K.S.S. Ravali1,*, G. Sarathchandra2, S. Usha Kumary3, P.L. Sujatha1, T.A. Kannan1, M. Parthiban1
1Madras Veterinary College, Tamil Nadu Veterinary and Animal Sciences University, Chennai-600 007, Tamil Nadu, India.
2Pharmacovigilance Laboratory for Animal Feed and Food Safety, Tamil Nadu Veterinary and Animal Sciences University, Chennai-600 007, Tamil Nadu, India.
3Veterinary College and Research Institute, Tamil Nadu Veterinary and Animal Sciences University, Chennai-600 007, Tamil Nadu, India.

ABSTRACT

Background: Diabetes mellitus, a chronic metabolic disease with multiple secondary effects, is on the rise. Treatment of type II diabetes mellitus with phytochemicals is gaining importance to avoid secondary complications used in the treatment. Justicia adhatoda is said to be an evergreen perennial shrub with a multitude of uses, especially as a stimulant of the respiratory tract. 

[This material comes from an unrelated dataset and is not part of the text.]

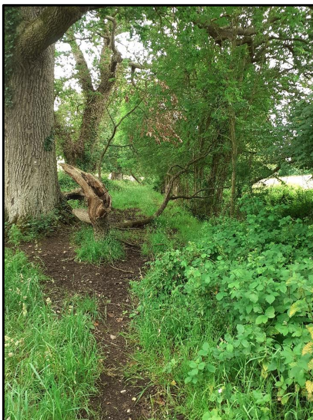
Photograph 18, between CE1 and CE2 looking towards CE1

Methods: Vasicine, a major alkaloid extracted from the leaves of the adhatoda was used in the current study to identify its antidiabetic activity through the Computer Aided Drug Design technique. The molecular docking technique was performed between vasicine and five different receptors Protein Tyrosine Phosphate 1B (PTP 1B), Glucose Transporter (GLUT2), Glucagon Like Peptide 1 (GLP-1) and Peroxisome Proliferator Activated Receptors (PPAR Ɣ) which are usually targeted by anti-diabetic drugs. The Libdock score for the interaction between the receptors and vasicine is indicative of the antidiabetic activity of the vasicine in various pathways. 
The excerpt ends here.